*** Block opens ***

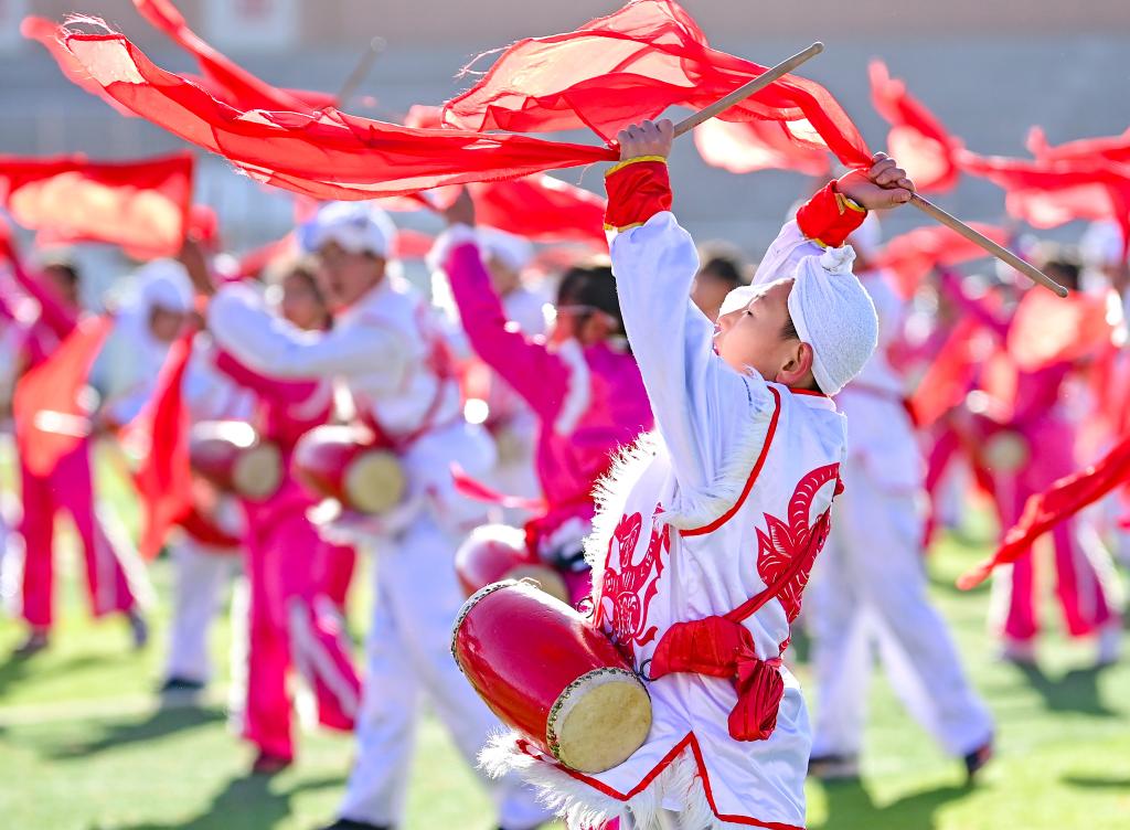 2023年11月16日,內蒙古鄂爾多斯市鄂托克前旗第二小學的學生在大課間表演安塞腰鼓。該校將安塞腰鼓列入學校的校本課程和大課間活動,聘請民間藝人傳授技藝,讓非遺文化在校園中傳承。新華社發(fā)(王正攝)
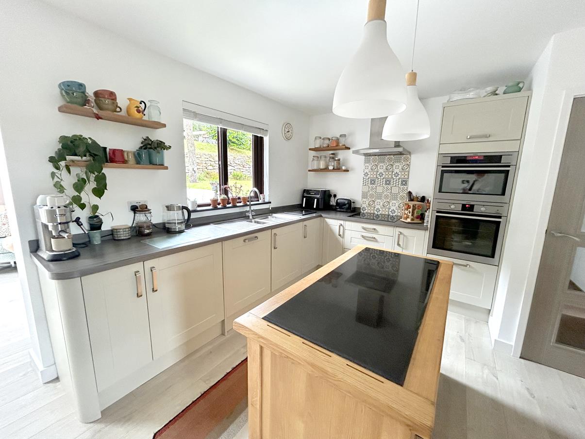 From the kitchen area a glazed feature door leads to the -
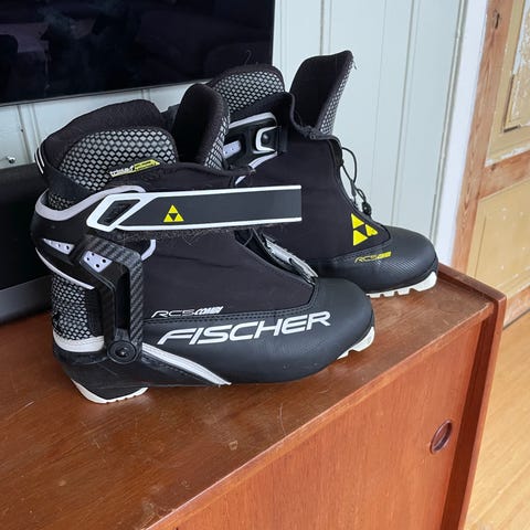 Fischer RC3 Combi langrennsstøvel i svart med gule detaljer. Modellen er en kombistøvel beregnet for både klassisk og skøyting, med ankelstøtte og strammestrikk/borrelås over vristen for bedre stabilitet. Overdelen har glidelås som dekker snøringen og beskytter mot snø og fukt. Sålen er tilpasset moderne langrennsbindinger i kombisegmentet. Passer til bruk i preparerte langrennsløyper der det ønskes støtte til begge teknikker.
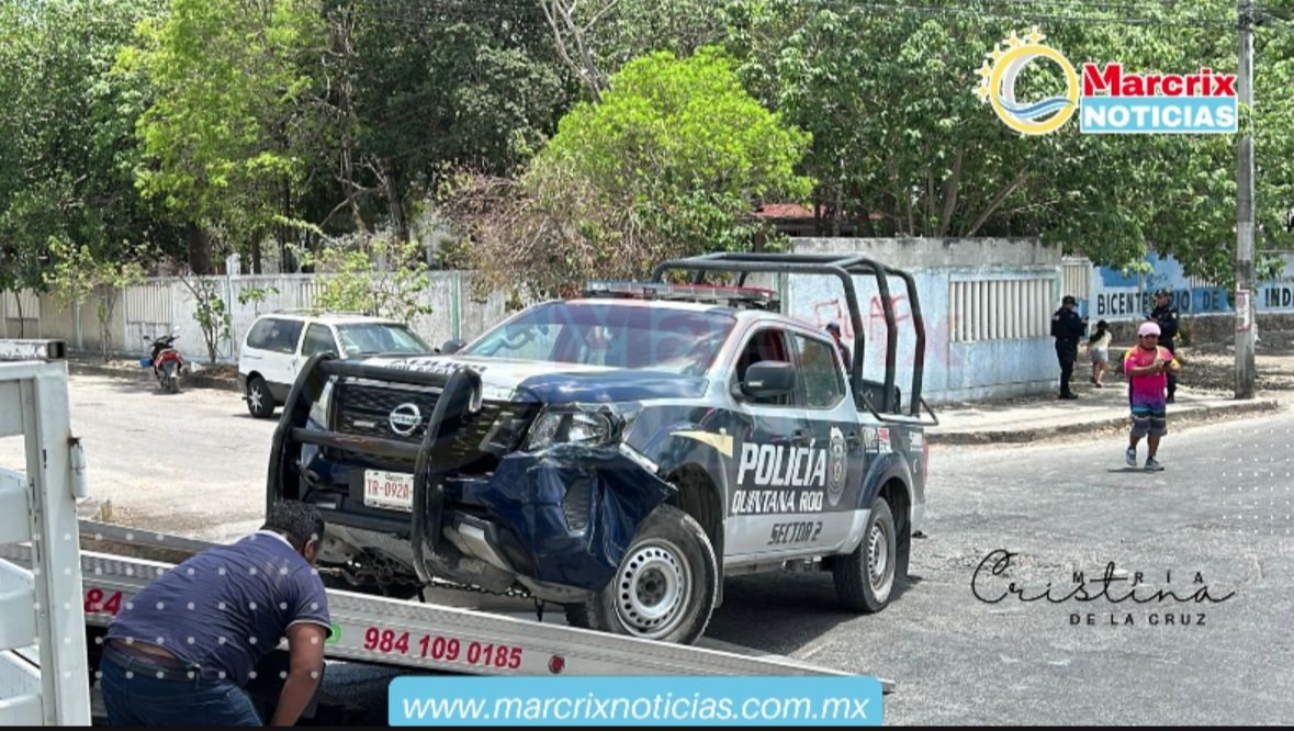 Cancún (Marcrix Noticias)-En la mañana de hoy, una patrulla de la policía de Quintana Roo, identificada con el número económico 5801, sufrió un aparatoso choque en la avenida Galaxias del Sol, dentro del fraccionamiento Galaxias del Sol, Supermanzana 253. El incidente se produjo mientras los oficiales respondían a un reporte de personas armadas en la zona.

*** Block closes ***

__TASK TO CARRY OUT__
Provide the lines again, unchanged, from where the data above begins through the line containing "From the kitchen", both ends included, omitting pictures and adding nothing.

__PROBLEM SOLUTION__
 2023年11月16日,內蒙古鄂爾多斯市鄂托克前旗第二小學的學生在大課間表演安塞腰鼓。該校將安塞腰鼓列入學校的校本課程和大課間活動,聘請民間藝人傳授技藝,讓非遺文化在校園中傳承。新華社發(fā)(王正攝)
 From the kitchen area a glazed feature door leads to the -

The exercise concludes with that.